● **Record set**
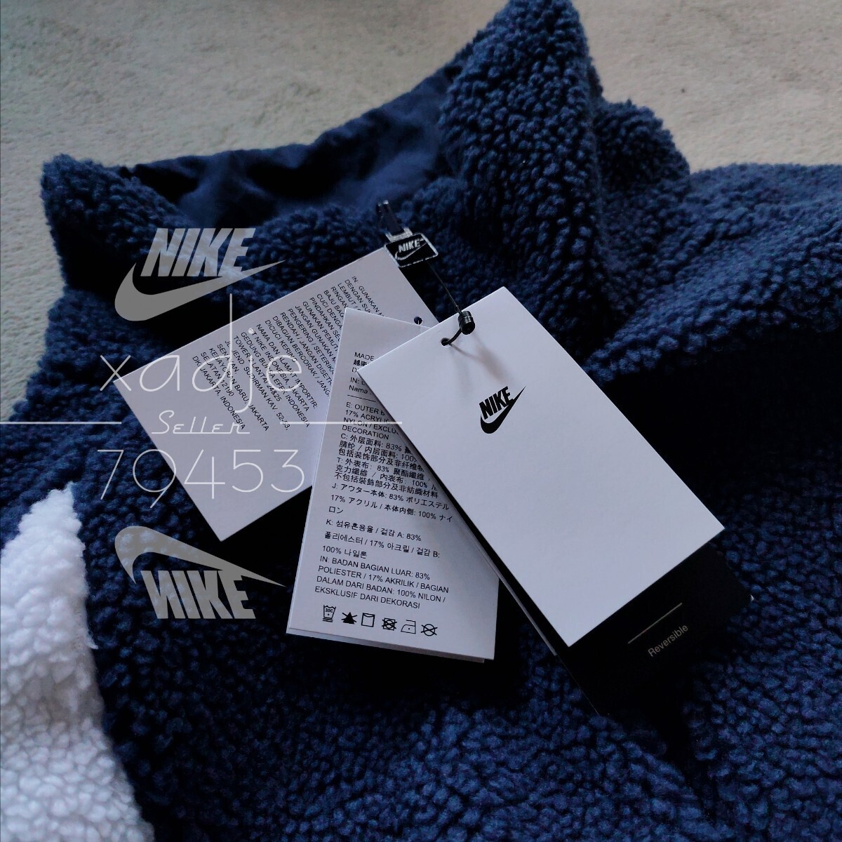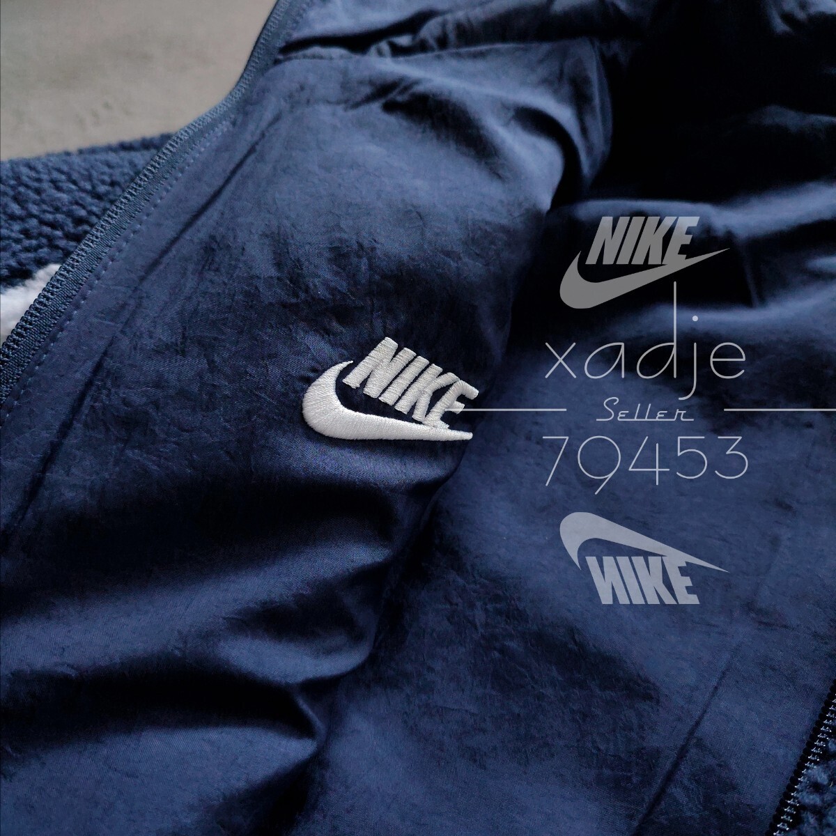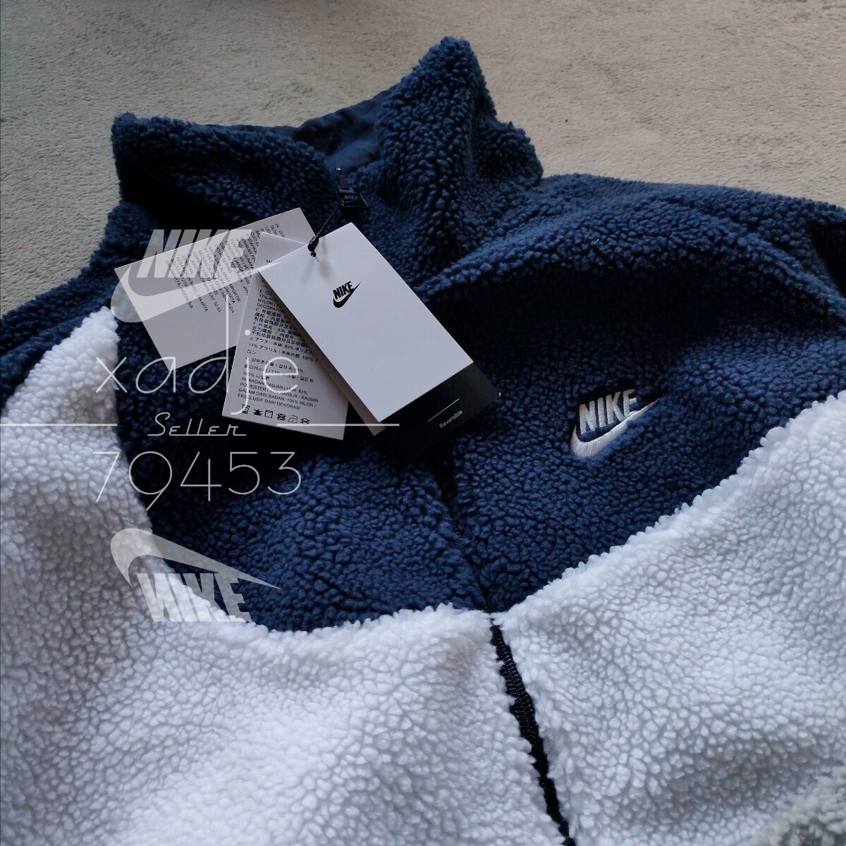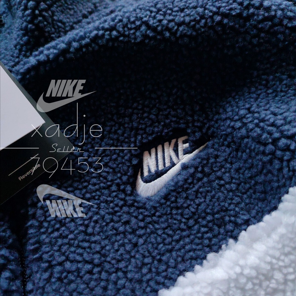 新品 正規品 NIKE ナイキ BIG SWOOSH 両面 ビッグスウッシュ リバーシブル ボアジャケット 紺 白 グレー 防寒 厚手 2WAY 定価17380円 2XL
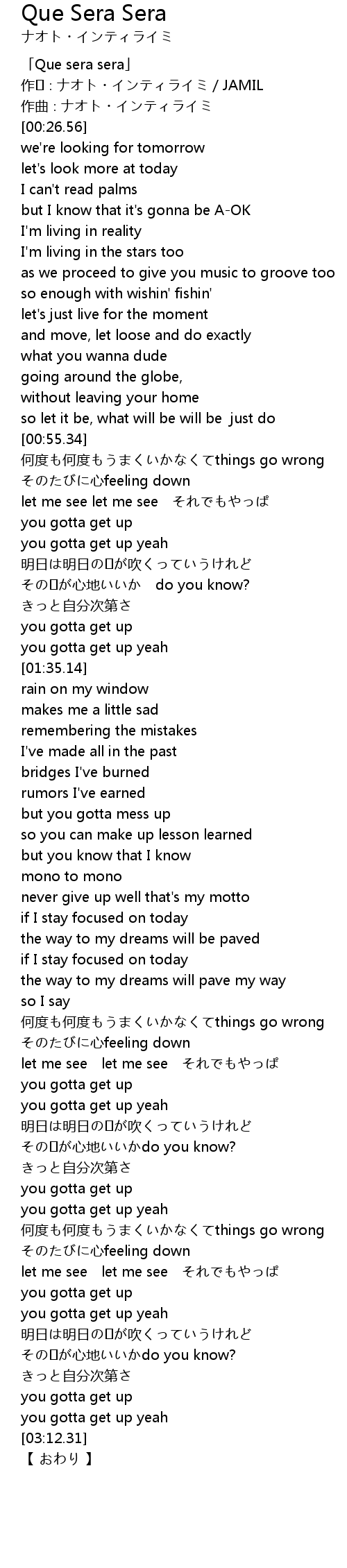 | [00:01.56] | 「Que sera sera」 |
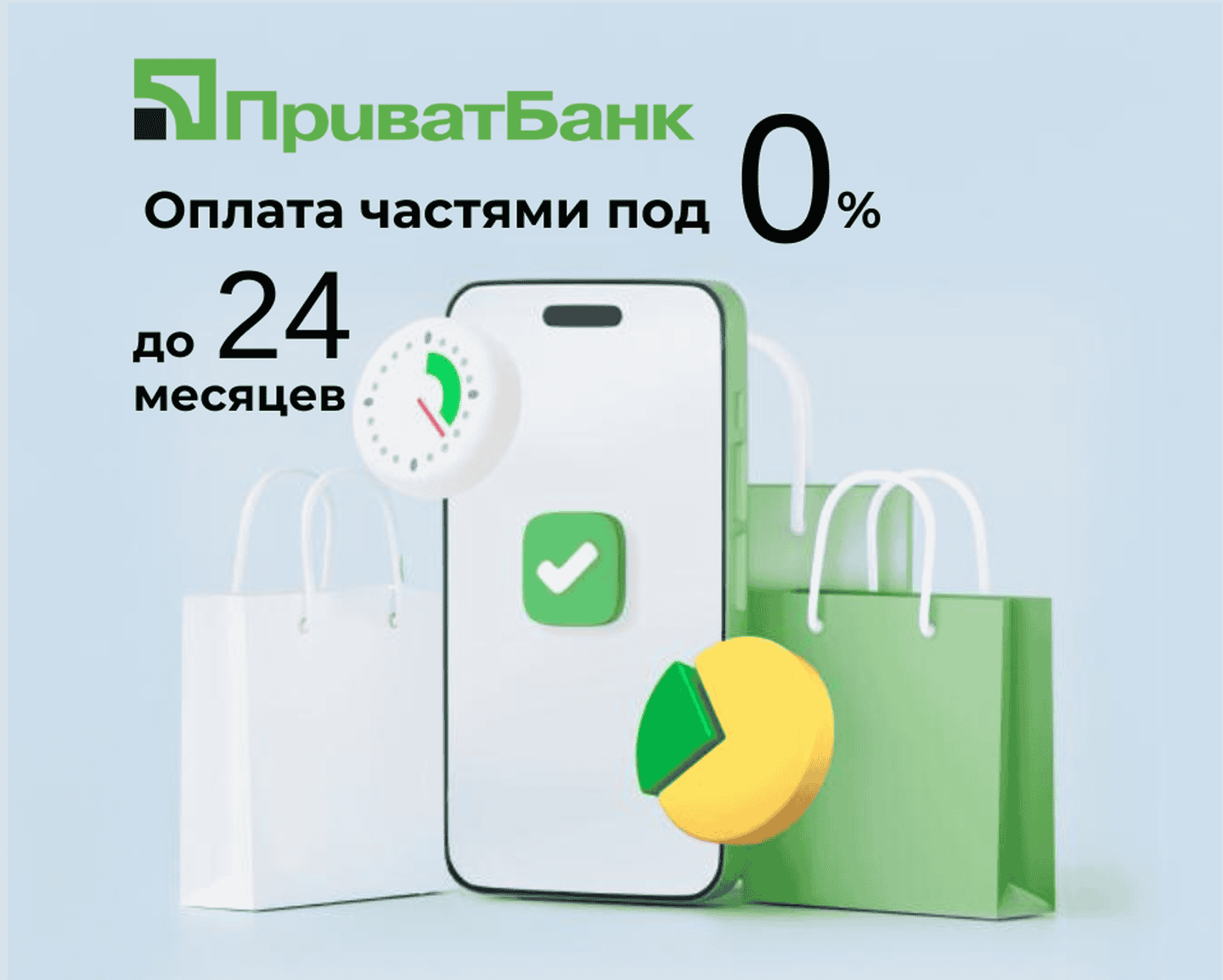 ![]() | Покупка частями от ПриватбанкаПолучите карту Приватбанк в отделении или в приложении Приват24 и узнайте свой лимит (для получения карты перейдите на сайт privatbank.ua).
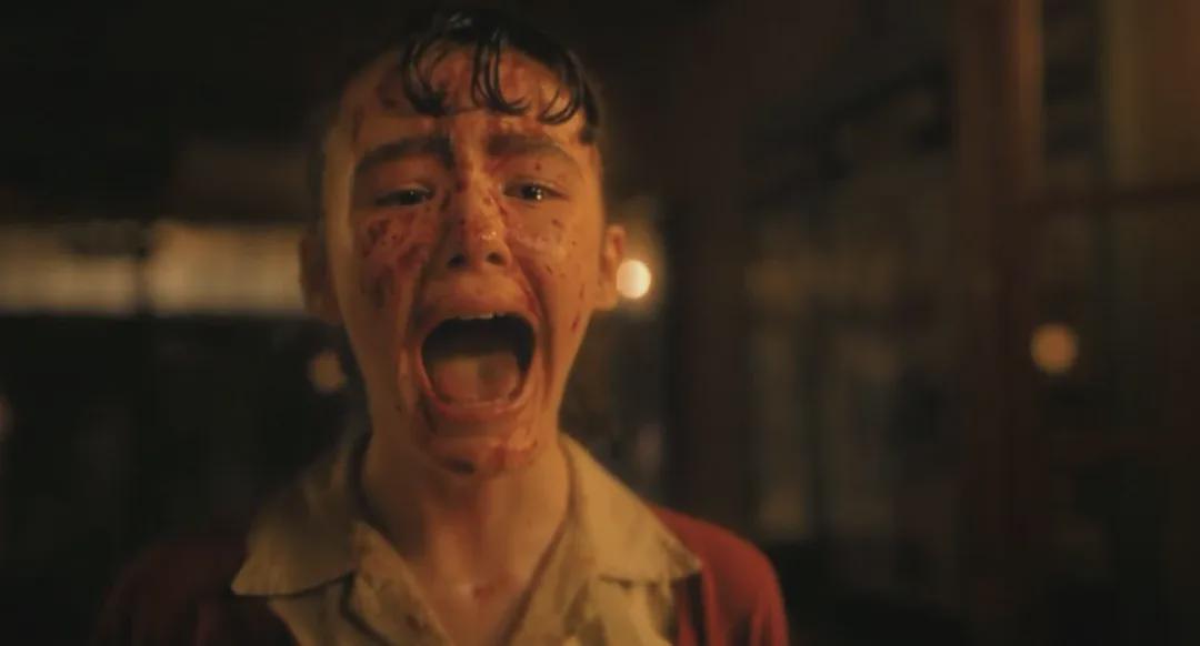 电影屏幕被焚烧,恶魔婴儿冲出屏幕。
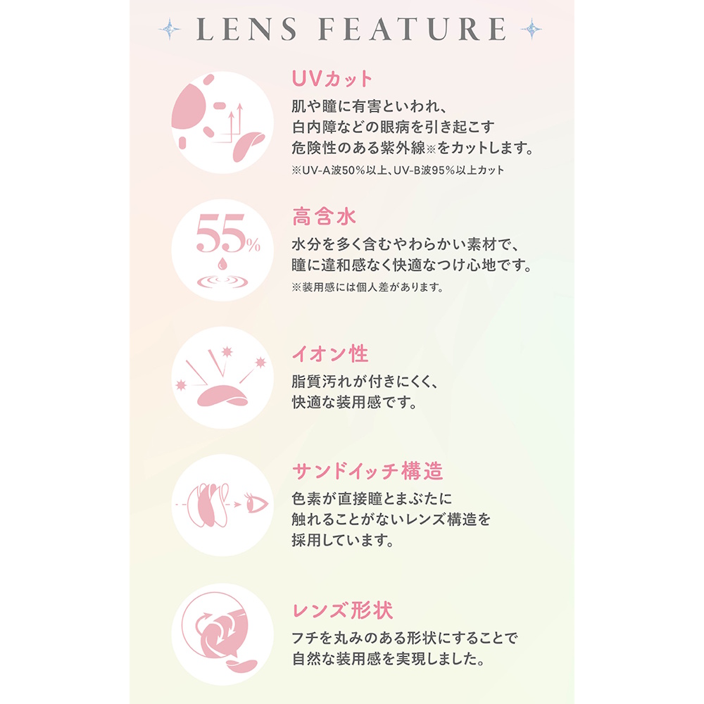 ニュアンスブラウンカラーが瞳を自然にトーンアップしてくれる裸眼アップデート系レンズ。
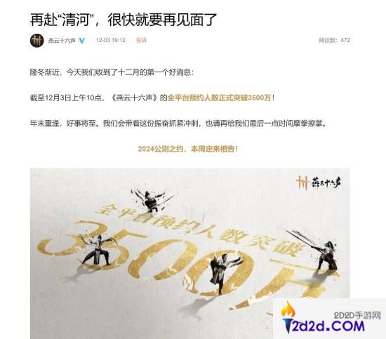 官方表示:“截至12月3日上午10点,《燕云十六声》的全平台预约人数正式突破3500万。年末重逢,好事将至。我们会带着这份振奋抓紧冲刺,也请再给我们最后一点时间摩拳擦掌。2024公测之约,本周定来相告!”
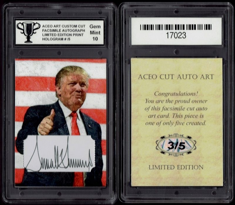 Title (ebay affiliate link): DONALD TRUMP ACEO Brush Art Print FACSIMILE AUTOGRAPH Card #/5 GRADED 10 GEM

● **Instructions to follow**
Every entry is to be transcribed exactly, but the pictures are to be left out.

● **Task answer**
 新品 正規品 NIKE ナイキ BIG SWOOSH 両面 ビッグスウッシュ リバーシブル ボアジャケット 紺 白 グレー 防寒 厚手 2WAY 定価17380円 2XL
 | [00:01.56] | 「Que sera sera」 |
 ![]() | Покупка частями от ПриватбанкаПолучите карту Приватбанк в отделении или в приложении Приват24 и узнайте свой лимит (для получения карты перейдите на сайт privatbank.ua).
 电影屏幕被焚烧,恶魔婴儿冲出屏幕。
 ニュアンスブラウンカラーが瞳を自然にトーンアップしてくれる裸眼アップデート系レンズ。
 官方表示:“截至12月3日上午10点,《燕云十六声》的全平台预约人数正式突破3500万。年末重逢,好事将至。我们会带着这份振奋抓紧冲刺,也请再给我们最后一点时间摩拳擦掌。2024公测之约,本周定来相告!”
 Title (ebay affiliate link): DONALD TRUMP ACEO Brush Art Print FACSIMILE AUTOGRAPH Card #/5 GRADED 10 GEM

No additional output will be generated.